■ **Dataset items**
━━━━━━━━

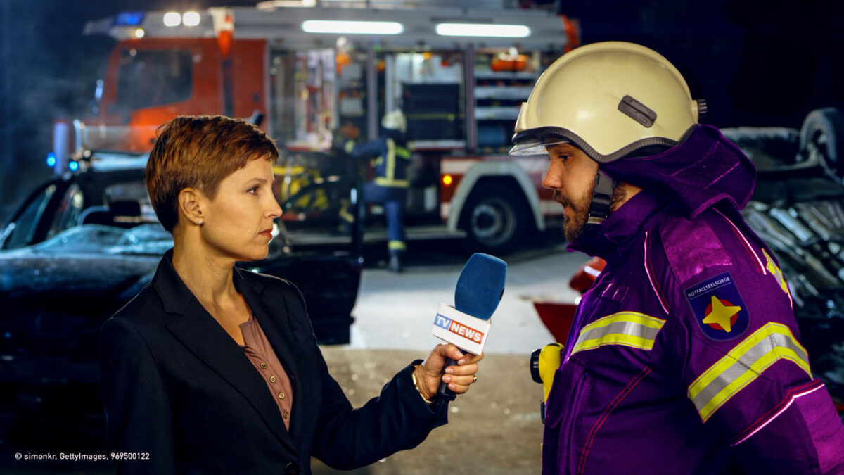 Bei größeren Schadenslagen sehen sich Notfallseelsorgerinnen und Notfallseelsorger manchmal in der Situation, vor laufender Kamera und eingeschaltetem Mikrofon Auskunft geben zu müssen.
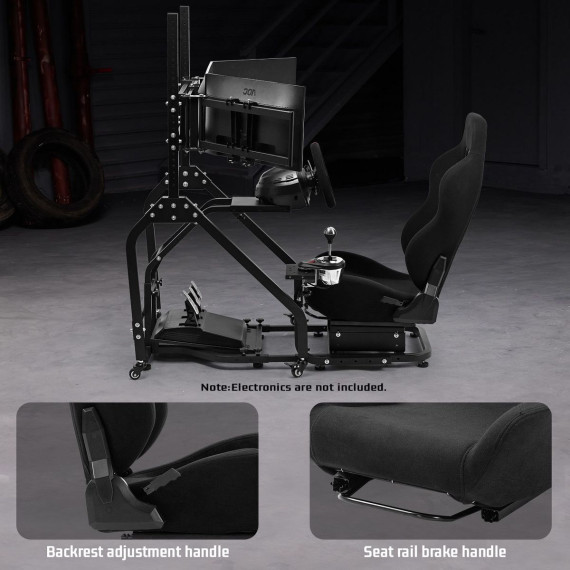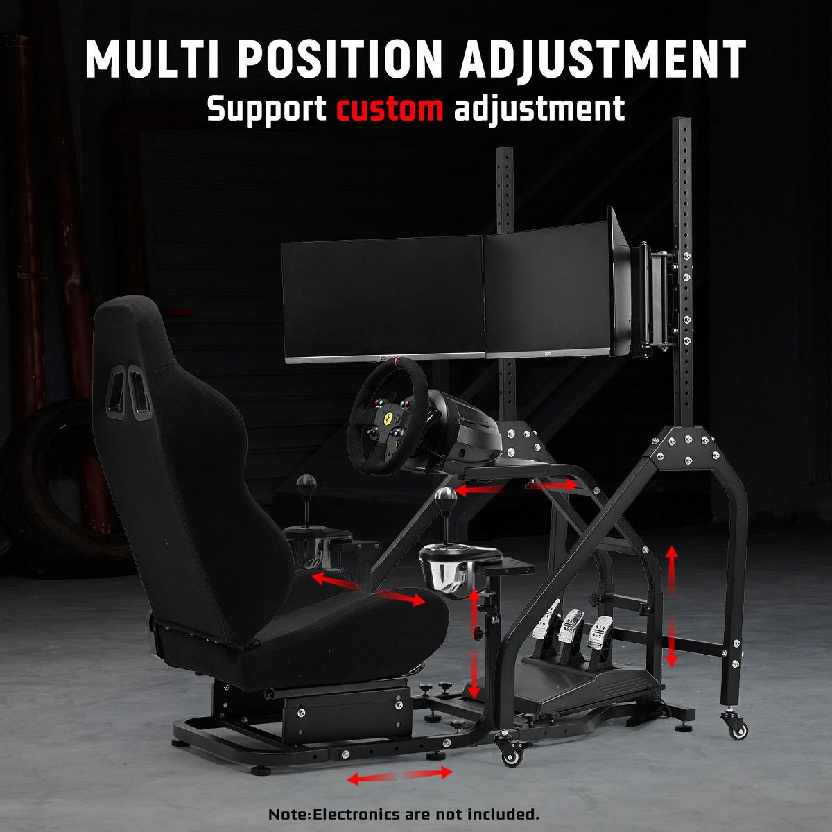Dardoo Adjustable Racing Sim Cockpit with Triple Monitor Stand & Ergonomic Seat | Compatible with Logitech/Thrustmaster | No Electronics
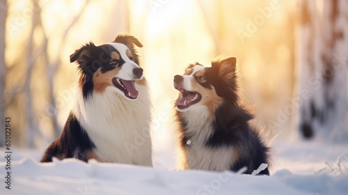 Two happy australian shepherd dogs playing in the snow in a beautiful winter landscape at sunset
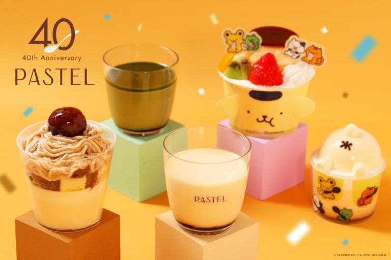 そしてこの度、創業40周年を迎えるにあたり、日頃ご愛顧いただいているお客様へ感謝の気持ちをお伝えすべく、9月1日(日)より40周年を記念した感謝祭を開催いたします。今年で5年連続コラボレーションをしている株式会社サンリオのキャラクター「ポムポムプリン」や、今年初めてコラボレーションをした宇治茶専門店「祇園辻利」とのコラボスイーツの復刻販売や、パステルの人気焼き菓子を詰め合わせた、お得な『PASTEL40周年記念バッグ』をご用意いたしました。
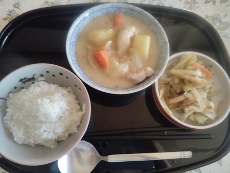 ご飯、シチュー、大根のきんぴら
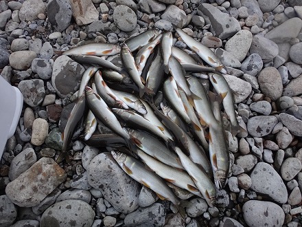 | 釣果は36匹。うまくやればもっと掛かったように感じる。リズムが途切れたときの戻し方が課題。 | サイズも揃っていました。 |
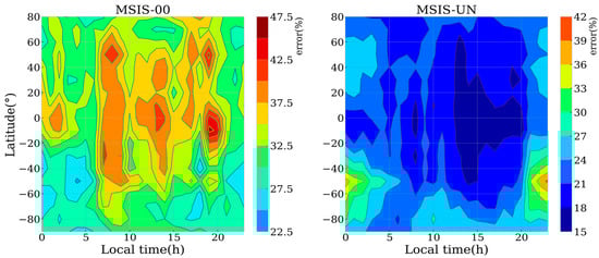 Comparative analysis establishes MSIS-UN’s overall superiority, with its maximum error (42%) substantially lower than MSIS-00’s peak discrepancy (47.5%). The only exception occurs in Southern Hemisphere mid-latitudes during nighttime conditions, where MSIS-00 maintains a marginal advantage. This comprehensive evaluation confirms MSIS-UN’s enhanced predictive capability across most spatial and temporal domains, while identifying specific regions that require further refinement of the model.
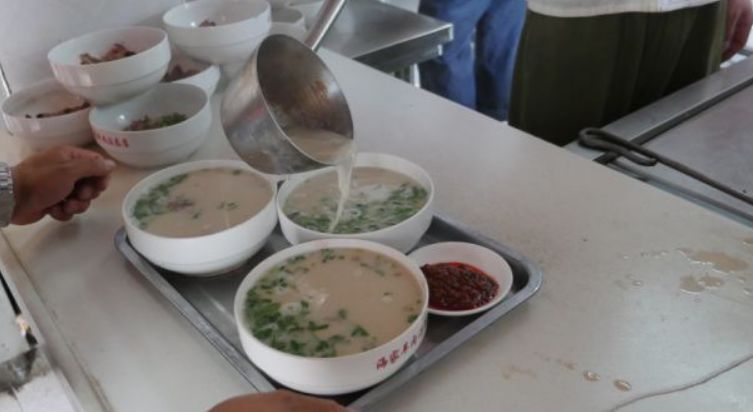 三里庄羊肉汤是典型的“砂锅羊肉汤”,熬好后盛出来不再续水,熬多少就是多少,卖的都是原汤,从开汤第一碗,到最后一碗味道都是一样的,每一碗都是最浓郁纯正的羊肉香气。这也是砂锅羊肉汤和敞锅最大的区别。
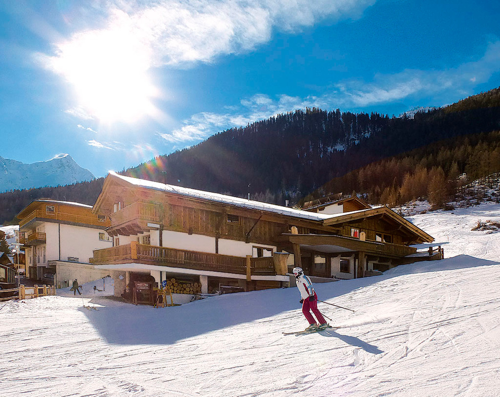 Ort: Sölden. Absolute Top-Lage am oberen Ortsrand, Ortsteil Innerwald. Die Talabfahrt vom Gletscher (2000 Höhenmeter, 14 km Länge) führt direkt an den Chalets vorbei. Skiabfahrt vom und bis zum Haus! Ortsmitte 1,6 km. Personenaufzug ins Zentrum mit Geschäften, Restaurants 400 m (Öffnungszeiten täglich 8.30 - 22 Uhr).

━━━━━━━━

■ **TASK INSTRUCTIONS**
Nothing in the entries above should change when they are printed again, except that the pictures are dropped.

■ **TASK SOLUTION**
 Bei größeren Schadenslagen sehen sich Notfallseelsorgerinnen und Notfallseelsorger manchmal in der Situation, vor laufender Kamera und eingeschaltetem Mikrofon Auskunft geben zu müssen.
Dardoo Adjustable Racing Sim Cockpit with Triple Monitor Stand & Ergonomic Seat | Compatible with Logitech/Thrustmaster | No Electronics
 Two happy australian shepherd dogs playing in the snow in a beautiful winter landscape at sunset
 そしてこの度、創業40周年を迎えるにあたり、日頃ご愛顧いただいているお客様へ感謝の気持ちをお伝えすべく、9月1日(日)より40周年を記念した感謝祭を開催いたします。今年で5年連続コラボレーションをしている株式会社サンリオのキャラクター「ポムポムプリン」や、今年初めてコラボレーションをした宇治茶専門店「祇園辻利」とのコラボスイーツの復刻販売や、パステルの人気焼き菓子を詰め合わせた、お得な『PASTEL40周年記念バッグ』をご用意いたしました。
 ご飯、シチュー、大根のきんぴら
 | 釣果は36匹。うまくやればもっと掛かったように感じる。リズムが途切れたときの戻し方が課題。 | サイズも揃っていました。 |
 Comparative analysis establishes MSIS-UN’s overall superiority, with its maximum error (42%) substantially lower than MSIS-00’s peak discrepancy (47.5%). The only exception occurs in Southern Hemisphere mid-latitudes during nighttime conditions, where MSIS-00 maintains a marginal advantage. This comprehensive evaluation confirms MSIS-UN’s enhanced predictive capability across most spatial and temporal domains, while identifying specific regions that require further refinement of the model.
 三里庄羊肉汤是典型的“砂锅羊肉汤”,熬好后盛出来不再续水,熬多少就是多少,卖的都是原汤,从开汤第一碗,到最后一碗味道都是一样的,每一碗都是最浓郁纯正的羊肉香气。这也是砂锅羊肉汤和敞锅最大的区别。
 Ort: Sölden. Absolute Top-Lage am oberen Ortsrand, Ortsteil Innerwald. Die Talabfahrt vom Gletscher (2000 Höhenmeter, 14 km Länge) führt direkt an den Chalets vorbei. Skiabfahrt vom und bis zum Haus! Ortsmitte 1,6 km. Personenaufzug ins Zentrum mit Geschäften, Restaurants 400 m (Öffnungszeiten täglich 8.30 - 22 Uhr).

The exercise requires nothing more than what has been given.